Dugan et al. investigate human ability to detect boundaries where text transitions from human-written to machine-generated, a more realistic and challenging task than binary fake/real classification. They introduce the RoFT (Real or Fake Text) game platform for crowdsourced annotation and release a dataset of 21,000+ annotations across four text genres. Key findings: humans significantly outperform random chance (23.4% vs. 10%), improve with monetary incentives, larger models produce harder-to-detect text, and different genres exhibit distinct error patterns.

Contributions¶

Boundary detection task formulation: Reframes fake text detection as identifying where text transitions from human-written to machine-generated rather than binary classification, a more realistic and challenging problem.
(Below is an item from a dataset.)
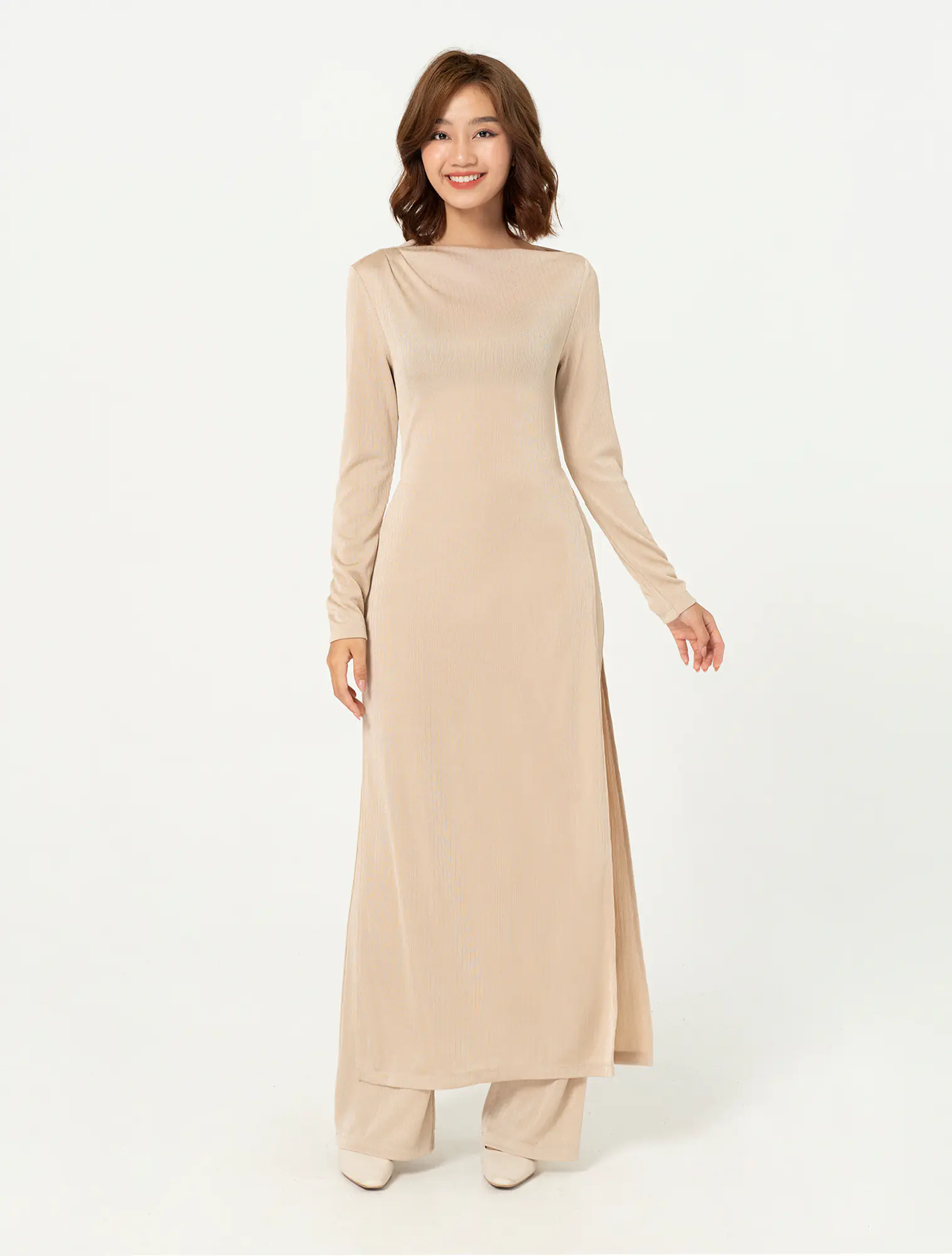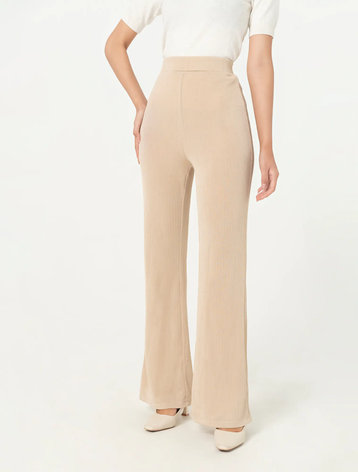 Quần dài cạp chun, dáng flare.

RoFT game platform: Gamified annotation interface where players identify the sentence where a document transitions from human-written to machine-generated; includes RoFT as a platform for future research.
Large-scale annotated dataset: 21,646 annotations from 243 participants across 7,895 documents spanning four genres (News, Stories, Recipes, Speeches) with error classifications; fully anonymized and publicly available.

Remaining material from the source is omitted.